2018-03-01 / Editorial

Deportation: actions have consequences

The Right Side
by Mike Coleman

It’s been said that ours is a nation of immigrants. None of our ancestors inhabited the Americas when homo sapiens evolved. Even those who we now speak of as Native Americans crossed onto the North American continent from Asia about 15,000 years ago. Legal immigrants to our country have added much to our growth as a nation and have added a great deal to our society. Many have added to our economy through hard work and the diverse products and services they brought from their countries of origin. They have assimilated into our culture while keeping many of their traditions alive. Many immigrants take pride in their quest for the American Dream.

Unlike many countries where there are religious or ethnic tests for naturalization, any immigrant who has been granted permanent residency may stay and become a citizen of our country if they follow a few simple rules. We require that they be of good moral character and be on good behavior while here. Even that test is lenient. Most misdemeanors and even some felonies are not permanent grounds to deny an immigrant access to naturalization. Among other things they must refrain from trafficking drugs or people. They must not commit an aggravated felony. They may not be users of illicit drugs or habitual substance abusers. They must keep their immigration status current. For permanent residents that means renewing their Green Card every 10 years. If an immigrant violates any of these conditions they may be deported.

Some countries exclude anyone with any criminal convictions, even misdemeanors, from entry. For example, a conviction for operating under the influence will bar a person from even entering Canada. Our immigration policies and laws are far from draconian.

Lexius Saint Martin, a Haitian citizen, arrived in the United States in 1994 with his parents who were fleeing political unrest. He was 11 at the time. He and his family were granted refugee status. Refugees are held to the same standard of conduct as any other immigrant or alien who may have legally entered the country. In 2009 Mr. Saint Martin was convicted of Class B trafficking of cocaine, a felony. The maximum penalty for a crime of that class is 10 years in prison. He was sentenced to seven months. In 2010 a deportation order was entered against him. Remember, any drug trafficking conviction is a permanent bar to citizenship and is grounds for deportation. He was allowed to stay in the United States due to humanitarian concerns in the wake of a devastating earthquake that occurred in early 2010. At no time did he appeal his deportation order.

At the time of his arrest in January on the deportation order he was living in Waterville with his wife and two children. Let’s not forget that he was convicted of a serious crime for which he lost his refugee status before he and his wife started their family. That conviction made him ineligible to remain in this country. That’s the law. We gave him sanctuary in 1994 and he repaid our country’s kindness by committing a serious felony as an adult.

He was finally removed from the country last week. It’s been just over eight years since the earthquake struck Haiti. The Organization of American States reports that since 2006 the political climate in Haiti has shown signs of improvement and increased stability. By all reports he’s a hard worker. There’s no reason to believe he can’t survive in Haiti. If he wanted to stay here he should have respected our laws.
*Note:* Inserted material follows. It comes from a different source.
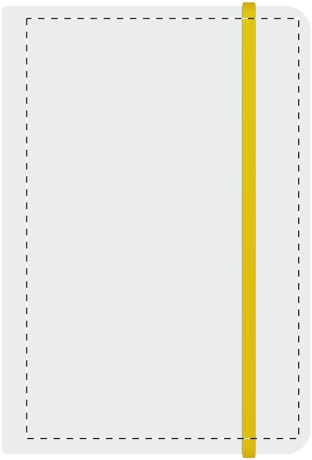 A5 Notizbuch, 100 Seiten (blanko), farbigem Gummiband und farblich abestimmten Blattrand.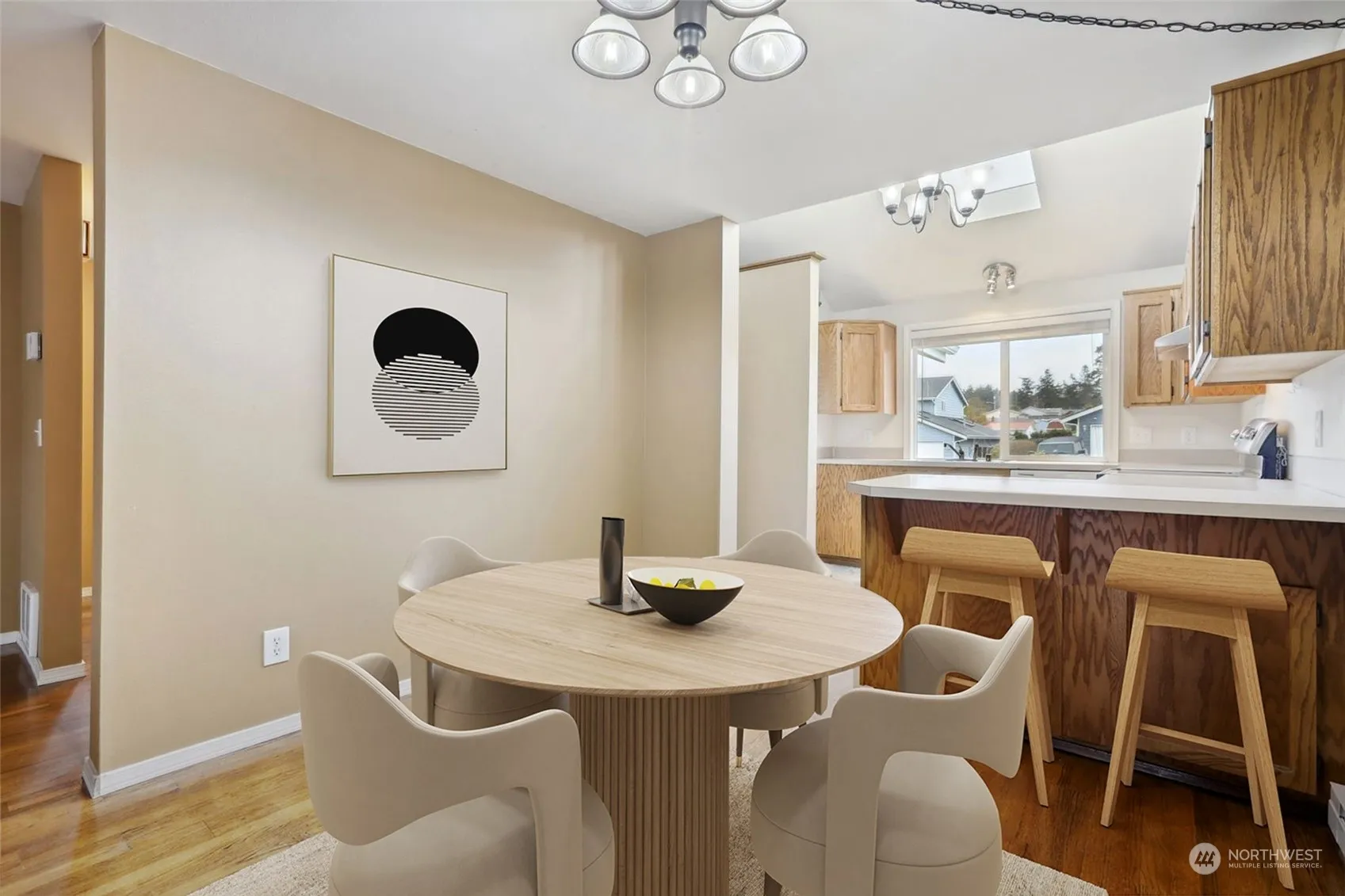 Spacious 2-level condo in Colonial Court! Main level open-concept floorplan with cozy fireplace in the living room, kitchen with breakfast bar & ample storage, full bathroom, and the primary suite. Upstairs are 2 more spacious bedrooms and a 2nd full bath. Lovely hardwood flooring, newer baseboard heaters, LED light fixtures, ceiling fans, newer skylights & more! Outside is a fully-fenced private backyard with a deck, wood for the fireplace, and beautiful mature landscaping. Attached 1-car garage, HOA dues cover exterior maintenance and front lawn care… this is low-maintenance living at it’s best! Near schools, shopping, the base, & much more. Welcome Home!

Orderly immigration is a wonderful thing enriching all of us Americans. We welcome people from all over the world. There’s no reason we should not expect them to obey our laws. If they don’t we should send them back.

Mike Coleman is a former town councilor in Old Orchard Beach and was a member of the Maine Republican State Committee from 2010 through 2017 where he served as budget chairman under three separate state chairmen. He represented Maine at the Republican National Convention as an alternate in 2012. He recently left the Republican Party and became an Independent.